Texto de Rafael Pedreira
Publicado em 27 de outubro de 2021
Historicamente a gestão da cidade concentrou esforços governamentais em setores tidos como prioritários, como por exemplo, inicialmente, nas indústrias de bens de produção e, posteriormente, nas indústrias de bens de consumo para as “elites” econômicas (HUNGARO, 2016). O acesso à infraestrutura urbana e, consequentemente, a negação do direito à cidade a uma parcela significativa da população, é fruto de uma lógica clientelista de concessão de privilégios aos setores industriais e às classes sociais abastadas.
O clientelismo em questão é reforçado pelo Projeto de Lei nº. 305 encaminhado pela Prefeitura Municipal de Salvador em 15 de setembro de 2021, por meio da mensagem executiva nº 19/2021, à presidência da Câmara Municipal de Salvador. O referido documento apresenta o PL nº. 305, que estabelece o Plano Integrado de Concessões de Parcerias do Salvador – PICS, e altera a Área de Proteção Rigorosa – APR da Área de Proteção de Recursos Naturais – APRN do rio Jaguaribe. O poder executivo municipal tenta convencer os(as) vereadores(as) e a população de Salvador, de que, a gestão dos serviços públicos deva ser terceirizada e sua execução transferida à iniciativa privada, sob a alegação de que o PL atende ao interesse público, e que, as concessões pretendidas tornarão os serviços públicos mais “eficientes”, de melhor “qualidade” e desonerarão a estrutura pública de serviços e custeios da máquina administrativa – Ora, serviços públicos não devem ser geridos pelo poder público?
A mandata coletiva “Pretas por Salvador” acredita que “o nome é Plano de Concessões, mas na verdade, é um Projeto de Lei de privatização, de entrega de serviços fundamentais e de obrigação do Estado” e conclui dizendo que “esse Projeto não é apenas inconstitucional, mas também ilegal, fere a Constituição Federal e Lei Orgânica do Município”.
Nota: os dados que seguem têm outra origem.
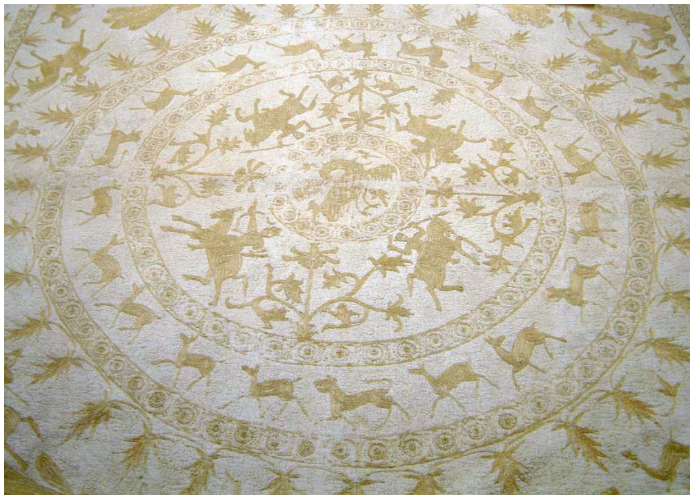
Figura 4 – Colcha indo-portuguesa. c. 1600. 36

Em termos genéricos, pode-se dizer que alguns objectos de exibição pública, como jóias e outras peças acessórias de vestuário, tendem a ser comprados mais pelo seu aspecto emblemático do que pelo bem-estar e prazer que proporcionam, na medida em que são artigos de ostentação, para serem exibidos aos demais. De igual modo, alguns artigos de uso privado, nomeadamente os objectos de decoração e conforto do lar – entre os quais se contam móveis, tapetes, colchas indo-portuguesas e outras fazendas asiáticas usadas para revestir paredes e adornar pisos –, eram geralmente adquiridos pela comodidade e pelo deleite que proporcionavam não só aos proprietários, mas também a um grupo reduzido de pessoas que pertencia ao círculo íntimo da casa.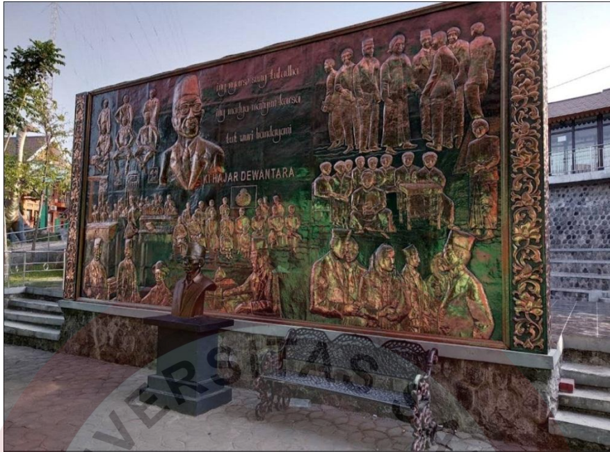
Gambar 08. Relief Ki Hajar Dewantara

Esse PL é proposto em uma conjuntura política de forte defesa ao Estado mínimo e ataques ao serviço público, momento no qual uma onda de decretos de desafetações de bens públicos para fins de alienação vem ocorrendo em todas as esferas de governo (municipal, estadual e federal). Isso se dá, sob as mais diversas justificativas, mas sempre sustentado por ações enviesadas pela lógica de uma economia urbana neoliberal, etno-classista e patriarcal.
Para a vereadora Maria Mariguella o PL em questão está alinhado com o Plano Econômico Nacional, ainda que, o prefeito Bruno Reis tente criar uma “distância” entre sua imagem e a do Presidente da República. A petista concluiu afirmando que, “a verdade é que no âmbito da economia, esses projetos estão mais próximos do que a gente pode imaginar. Eles recorrem a uma falsa ilusão de que estão trazendo ‘eficiência de gestão’, articulada com a ‘captação de investimento’, mas no fundo é um projeto que incide na ausência de direitos e falta de justiça social em Salvador”.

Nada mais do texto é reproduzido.